Press releases from the center show that the Avina Foundation, founded by Schmidheiny, gave "major project support" to a conference in September 1996, and again to a book published by Yale, announced in December 1997. The conference and the book were both part of Yale's two-year reform effort titled "The Next Generation Project," designed to spark a wave of creative thinking about environmental issues after the 25-year period that had been jump-started by Earth Day 1970 and the sweeping environmental laws in the United States and elsewhere.
The press releases, each citing seven or eight institutional funders, were presented to Yale last month by Christopher Meisenkothen, a New Haven lawyer who specializes in asbestos cases and represents the Eternit victims group.
Esty said Friday that he did not recall how much Avina donated, but that it was probably "in the tens of thousands of dollars," perhaps $20,000 to $50,000 for each of the projects.
Do those qualify as "substantial gifts" to Yale? Not necessarily, for an institution with an endowment in the $25 billion range, where seven-figure gifts are routine. And of course, Yale rejects any connection between donations, which are common, and honorary degrees, which are conferred in very small numbers every year.
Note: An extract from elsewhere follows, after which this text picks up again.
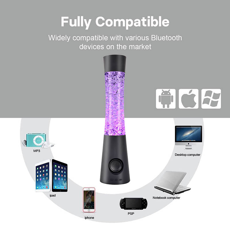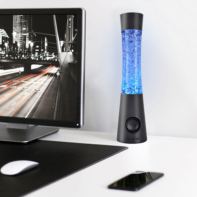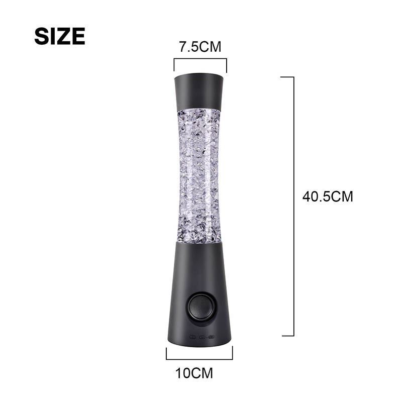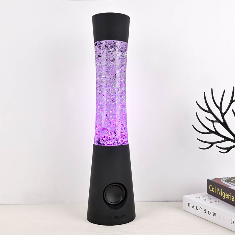 ВъведениеПредставяме ви RGB Bluetooth високоговорител с блясък, уникално и стилно допълнение към вашия домашен декор. Тази иновативна лампа съчетава успокояващата визуална привлекателност на движещия се блясък в течна колона с удобството на Bluetooth свързаността за мултисензорно изживяване. Елегантният дизайн на лампата, съчетан с нейните функционални характеристики, я прави перфектна комбинация от естетика и технология.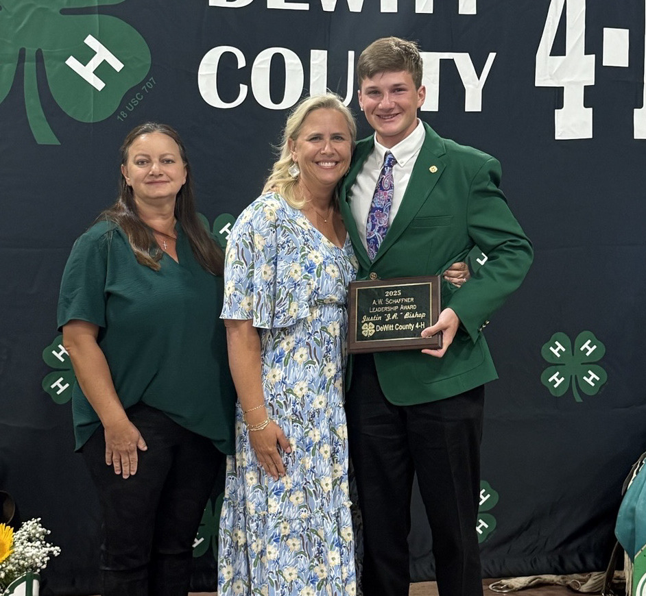 DeWitt County 4-H A.W. Shaffner Leadership Award Winner: J.R. Bishop (in Photo, (LtoR): Debbie Roeder, Tamara Kainer, J.R. Bishop)

After Meisenkothen presented the press releases to Yale, seeking more information, the university secretary responded by saying her earlier comments to him - that Yale had not received any gifts from Schmidheiny or Avina at all - were based on a search of electronic files. A later search unearthed a 1995 grant related to sustainable development in Latin America, not the grants mentioned in the press releases, "but we do not doubt that it was received," university Secretary Kimberly M. Goff-Crews wrote to Meisenkothen.
A Yale spokesman said the donations would not be considered significant, and for details referred to the letter from Goff-Crews to Meisenkothen.
It should be clear here that Esty was not involved in Yale's response about the donations and is not accused of any wrongdoing in connection with the donations.
As for Yale, it's either reassuring or disconcerting to hear that even the great university struggles with such housekeeping items as donations in the $50,000 range from major foundations, not in the Civil War era but in the 1990s.
The broader issue here is what, if anything, Yale ought to do about Stephan Schmidheiny's honorary degree now that the Italian courts have come down harshly on Schmidheiny's past. Yale might do itself a service by convening a faculty committee to look into Schmidheiny's history while the Italian supreme court hears the appeal, or at least afterward.